我听完之后,心里只有一个念头——我收回那套房子,做对了。
后来,安然跟周明杰离了婚。
离婚手续办得很顺利,因为周明杰没有脸来争。他知道,那套房子不可能是他的。他连争的资格都没有。
安然消沉了一段时间,但很快就振作了起来。她换了一份工作,换了新的发型,开始重新过自己的生活。
有一天,她突然跟我说:“妈,我想明白了。”
“想明白什么了?”
“我以前觉得,你跟我爸对我太好了,好到让我觉得,我什么都不用操心,什么都不用想。所以我才会那么轻易地相信别人,觉得全世界都会像你们一样对我好。”

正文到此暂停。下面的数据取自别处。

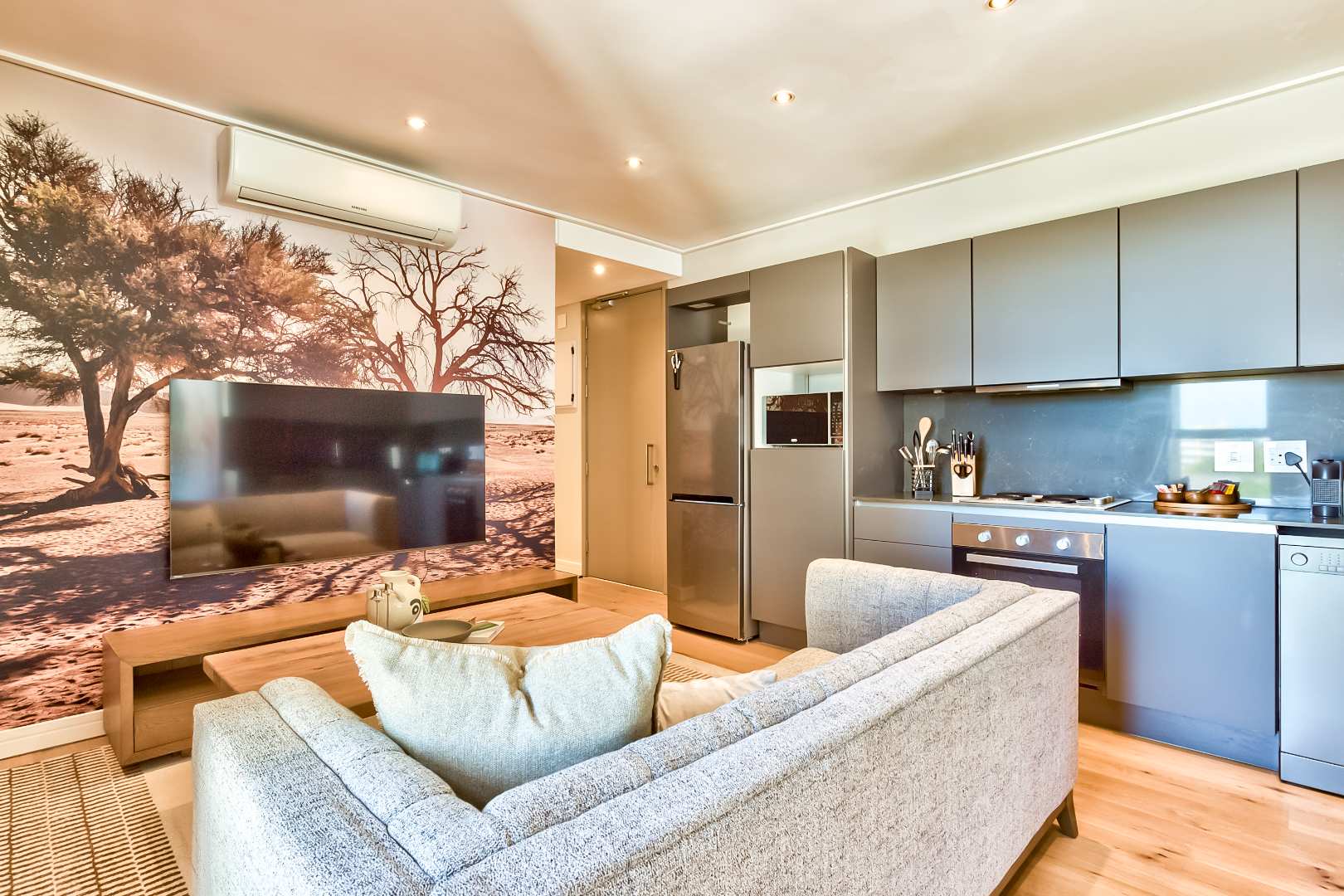 A standout feature of this apartment is the spacious private patio boasting views of Lion’s Head and Signal Hill. With BBQ/braai permitted on the patio, this outdoor space becomes a true extension of the living area — perfect for entertaining, relaxing, and enjoying Cape Town’s famous sunsets.
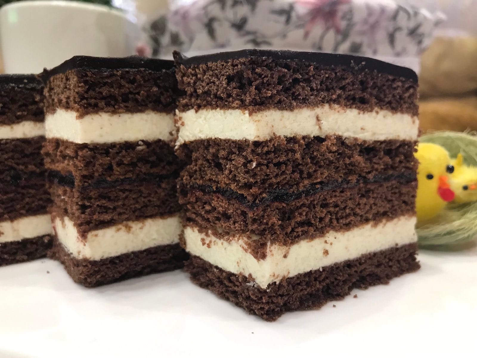 Κέικ + κρέμα + κέικ + μαρμελάδα + κέικ-κρέμα + κέικ.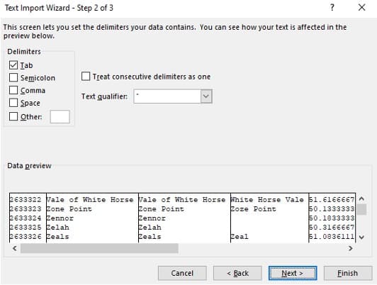 Use Excel to open the file GB.txt using the techniques we learned in step 1. This time, it is a text file that is delimited using tabs, so make sure that you select Tab as the delimiter in step 2 of the Import Wizard (as shown below).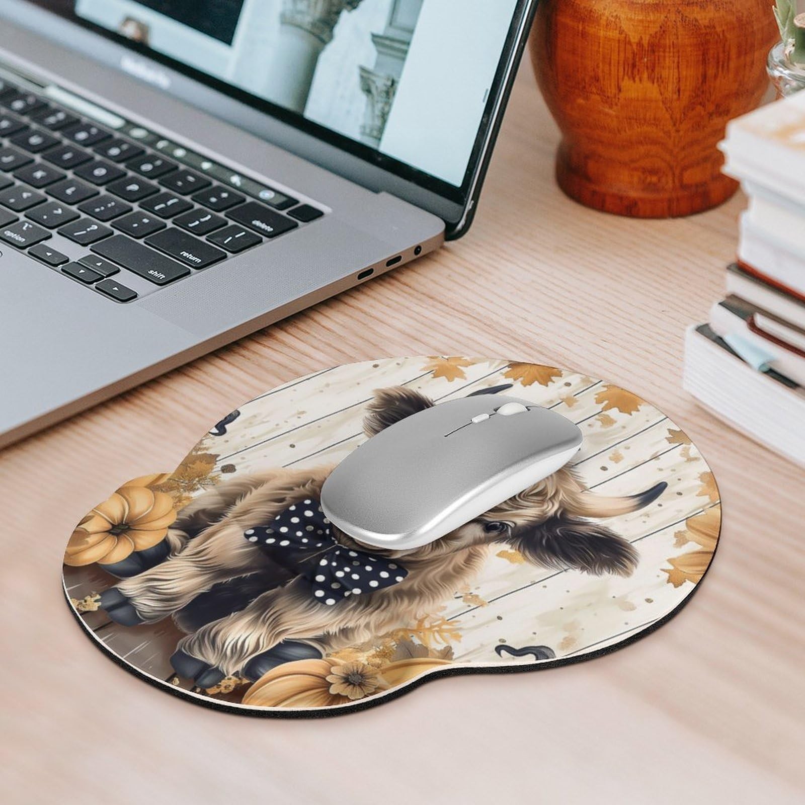 Highland Cow Pumpkin Mouse Pad Computer Mouse Pad with Wrist Support Rest Non...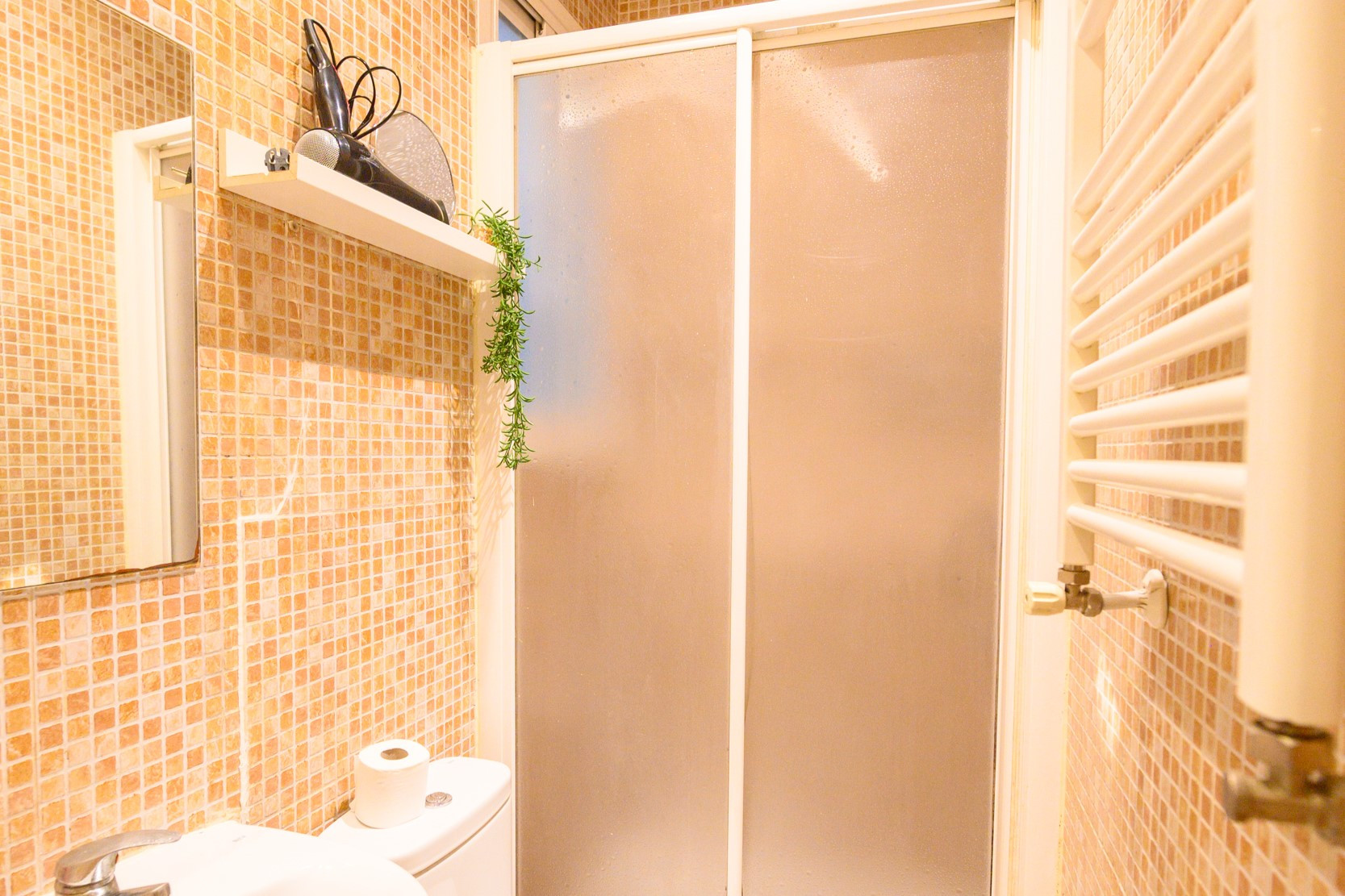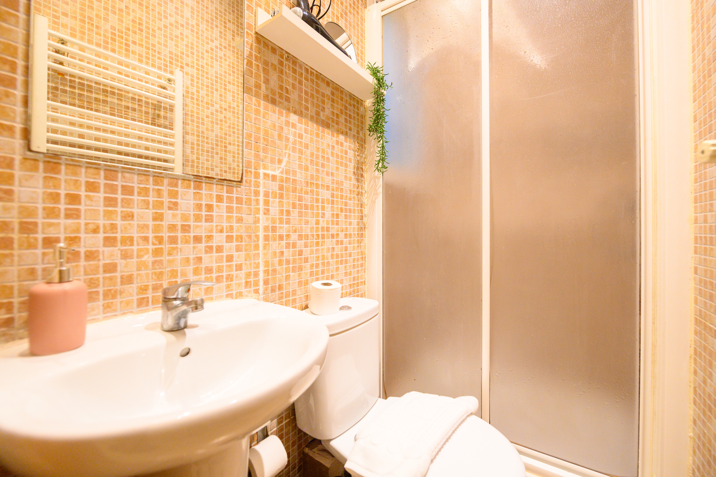 El baño de la vivienda está equipado con un plato de ducha, garantizando comodidad y funcionalidad. Los acabados modernos y los materiales de calidad aseguran un ambiente limpio y elegante, ideal para relajarse después de un largo día explorando la ciudad.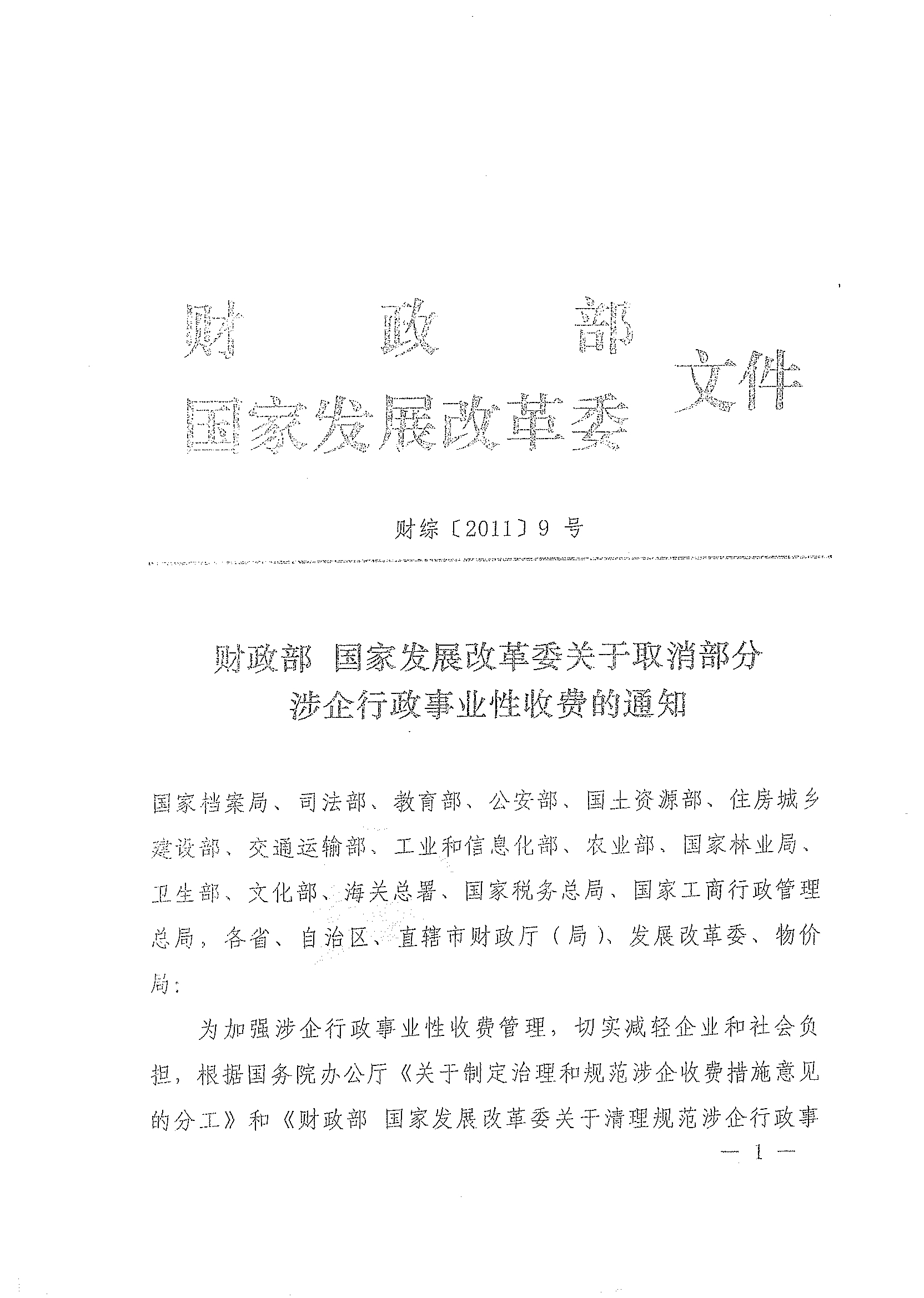 《財政部 國家發展改革委關於取消部分涉企行政事業性收費的通知》(財綜[2011]9號)

“但现在我知道了,这个世界上,真正对我好的人,只有你跟我爸。其他人对我的好,都是有条件的。他们对我好,是因为我背后有你们。”
我看着她,眼眶有些湿了。
“安然,你长大了。”
她笑了笑,说:“妈,我早就该长大了。”
后来,周明杰来找过安然一次。
他站在那套房子楼下,给安然打电话,说自己后悔了,想让安然再给他一次机会。
安然接了我的电话,说:“周明杰,你后悔了,是因为你发现,你离开了我,连个住的地方都没有。你失去的,不是我,是我妈给你的那套房子。”
“你走吧,以后别来了。”
周明杰在楼下站了很久,最后还是走了。
我看着他的背影,心里没有一丝波澜。
有些人,你对他好,他以为你欠他的。
有些爱,你给得太满,他就不懂得珍惜了。
那套房子,我后来没有卖,也没有收回。我把它过户给了安然,让她自己决定怎么处理。
安然说,她暂时不想住那套房子了,想自己租个小房子住一段时间,等心里那道坎彻底过去了,再搬回去。
我说,行,你高兴就好。
我不在乎那套房子,我在乎的,是安然的幸福。
但我也明白了一个道理——对女儿好,不是给她多少钱、多少房子,而是让她学会在这个世界上,保护自己。
房子可以收回,但女儿的人生,不能重来。